McCartney works hard for the money. It helps that when she signed her deal with Gucci Group (now PPR Group) more than 10 years ago, she had the smarts to demand that it be an equal parternship. It's an ethically minded business, founded on her mother's vegetarian principles, which makes her something of a Trojan horse in the luxury-fashion industry, more so because her collections—Spring's short, supersexy graphic prints being a case in point-press so many of-the-moment buttons.

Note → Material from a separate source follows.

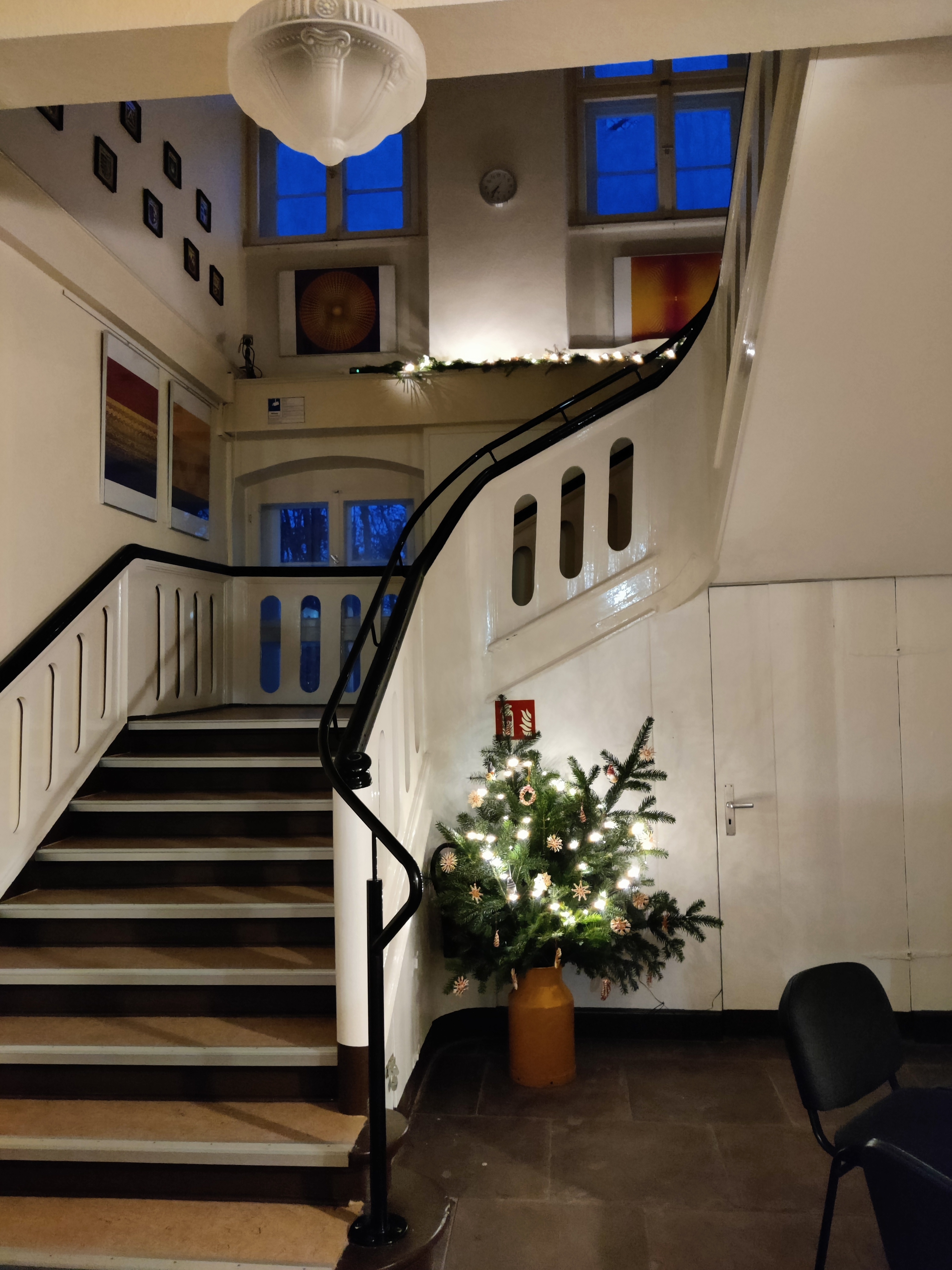 Treppenaufgang im historischen Altbau zur Weihnachtszeit

This year sees McCartney hoisted high as creative director of Team Great Britain for the Olympic and Paralympic Games, overseeing every single look that every single athlete will wear in competition. Thankfully, she has a gift for high-performance athleticism. There's her longtime Adidas collaboration to attest to that. There was also the show McCartney staged during London Fashion Week this past February, where she presented a special collection of eveningwear with an extravagant display of supermodel hyperkineticism. Bodies were thrown every which way like gorgeous rag dolls. It was one of the most unhinging, exciting things I've seen in years. It was also a valuable reminder that the art of surprise is one of fashion's most valuable assets.


We sat down over lunch a few days after her London show to talk about life's other surprises.




TIM BLANKS: One thing I love about fashion is that there is still this capacity for amazing surprises. Do you feel like that about what you do?
STELLA MCCARTNEY: My biggest surprises in my everyday job have to do with the challenges of trying to be slightly more responsible as a brand. My big surprises are when I say, "That fair-trade knitwear we did last season in Peru, I want to do it again," and someone else says, "Okay, it rained for two months and that factory sat on a mountaintop and it doesn't exist anymore."


BLANKS: What's your response to something like that? You find another way to do it?


MCCARTNEY:  It's normally out of your hands. To use that exact example, we did organic fair-trade sweaters one year with that factory, and the sweaters were a big success and everyone loved them. So then we were like, "Okay, we'll do a new style next year with you guys," and something happened where they just couldn't deliver. They couldn't handle our production needs. You just have to be very agile. When you're trying to have moments of responsibility in the fashion industry, it's not as easy as just doing the same old handbag every season with the same old factory in the same old materials.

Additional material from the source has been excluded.